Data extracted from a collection
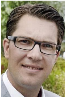
jimmie åkesson er leder

Forfædre: Mange kadre i de nye partier var oplært i nazipartiet Nordiska Rikspartiet. For SD blev udviklingen: Bevar Sverige Svensk, Nationalsocialistisk Front, Folkfronten, Sverige Partiet, Svenskerne Parti
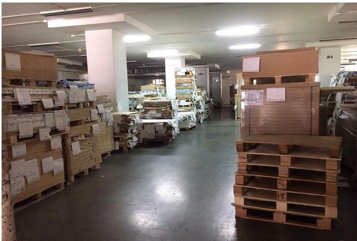
ภาพที่ ค.5 คลังเก็บวัสดุคืบกระดาษทุกชนิด
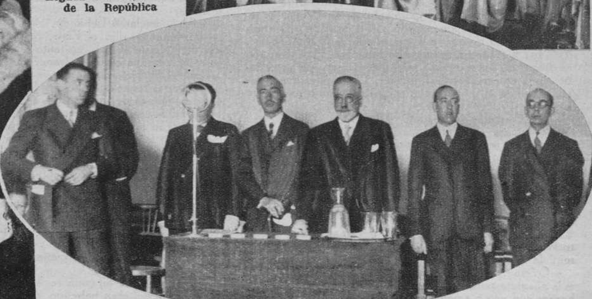
Presidencia del mitin de la Unión Nacional de Derechas, en el Salon Victoria.
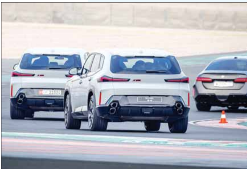
حلبة عالمية المستوى

التي تتمتع بها طرازات BMW M والتي تختصر ذروة الابتكار والأداء والرفاهية. وقد سعدت بمشاركة عشاق السيارات في الكويت لحظات لا تنسى على الحلبة العالمية المستوى، وذلك ضمن فعالية لم تقتصر فحسب على السيارات، بل قدمت تجارب فريدة تعكس شعار BMW القائم على الشغف والتشويق ومتمعة القيادة.
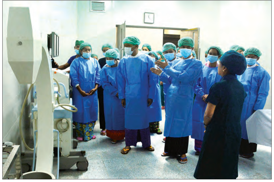
ပြည်နယ်ဝန်ကြီးချုပ် ဦးအယ်လ်စောင်ရွှေနှင့် တာဝန်ရှိသူများ ဆေးရုံကြီးအတွင်း လှည့်လည်ကြည့်ရှုစဉ်

ဌာန၊ ပုံရိပ်ဖော်ဌာန၊ ရောဂါပေဒဌာန၊ ခွဲစိတ်ဌာန၊ ခွဲစိတ်ခန်းမ စသည်ဖြင့် ဌာန အလိုက် ကုသဆောင်ရွက်ပေးသွားမည် ဖြစ်ပြီး ပင်မအဆောက်အအုံ (အနောက် ဘက်ခြမ်း) တွင် သားဖွားနှင့် မီးယပ်ဌာန၊ ရူပဗေဒဆေးကုဌာန၊ နား၊ နှာခေါင်း၊ လည်ချောင်းဌာနနှင့် အထွေထွေရောဂါ ကုဌာနစသည်ဖြင့် ခွဲခြားကုသပေးလျက် ရှိကြောင်း သိရသည်။ ယခု အဆင်ပြေတင်မွမ်းမံတည် ဆောက်ပေးခဲ့သော လွိုင်ကော်ပြည်သူ့ ဆေးရုံကြီးတွင် အသုံးအဆောင်ပစ္စည်း များအဖြစ် လျှပ်စစ်ဆိုင်ရာအသုံး အဆောင်ပစ္စည်းများ၊ လျှပ်စစ်ဓာတ်အား ဖြန့်ဖြူးသည့် ပစ္စည်းကိရိယာများ၊ မီးစက် များ၊ မိုးကြိုးလွှဲစနစ်၊ မီးသတ်ပေးစနစ်၊ ICT ဆိုင်ရာပစ္စည်းများ၊ လေအေးပေး စက်များ၊ ရေပိုက်လိုင်းစနစ်၊ ဆေးဘက် ဆိုင်ရာဓာတ်ငွေ့စနစ်၊ ခုတင် ပစ္စည်းသိမ်း ဝိရိ၊ စားပွဲခုံ၊ လျှပ်စစ်မီး စသည်တို့အပြင် ဆေးရုံအတွက် လိုအပ်သော အဓိက ပစ္စည်းကိရိယာများဖြစ်သည့် လူနာတင် ယာဉ်များ၊ မေ့ဆေးပေးစက်များ၊ သွေးစစ် ကိရိယာများ၊ အဆင်ပြေခွဲစိတ်ကိရိယာ ပစ္စည်းအစုံများ၊ မွေးကင်းစကလေး အနွေးပေးစက်၊ ခွဲစိတ်ခန်းသုံး အဏုကြည့်မှန်ပြောင်း၊ အောက်ဆီဂျင် အားဖြည့်ကိရိယာ၊ လူနာစောင့်ကြည့် ပြသပေးသည့် စက်ကိရိယာ၊ အီးစီဂျီ၊ အသက်ရှူစက်နှင့် အဆင်ပြေဓာတ်မှန် ရိုက်စက် စသည်တို့ကို ခေတ်နှင့်လျော်ညီ စွာ အသုံးပြုနိုင်ရန် ကူညီထောက်ပံ့ တပ်ဆင်ပေးခဲ့ကြောင်း သိရသည်။ ခုတင်(၅၀၀) ဆံ့ လွိုင်ကော်ပြည်သူ့ ဆေးရုံကြီး အဆင်ပြေတင်မွမ်းမံတည် ဆောက်မှုကို ကျန်းမာရေးနှင့် အားကစား ဝန်ကြီးဌာနနှင့် ဂျပန်အပြည်ပြည်ဆိုင်ရာ ပူးပေါင်းဆောင်ရွက်ရေး အေဂျင်စီ (JICA) တို့ ပူးပေါင်းဆောင်ရွက်ခြင်း ဖြစ်ပြီး Toda Corporation က တာဝန် ယူတည်ဆောက်ကာ Mitsubishi Corporation က လိုအပ်သော ပစ္စည်း များကို ကူညီထောက်ပံ့ပေးခဲ့ကြောင်း သိရသည်။

* **Work request**
From the data above, determine how many lines hold "المستوى", and write only the number.

* **Answer to this problem**
2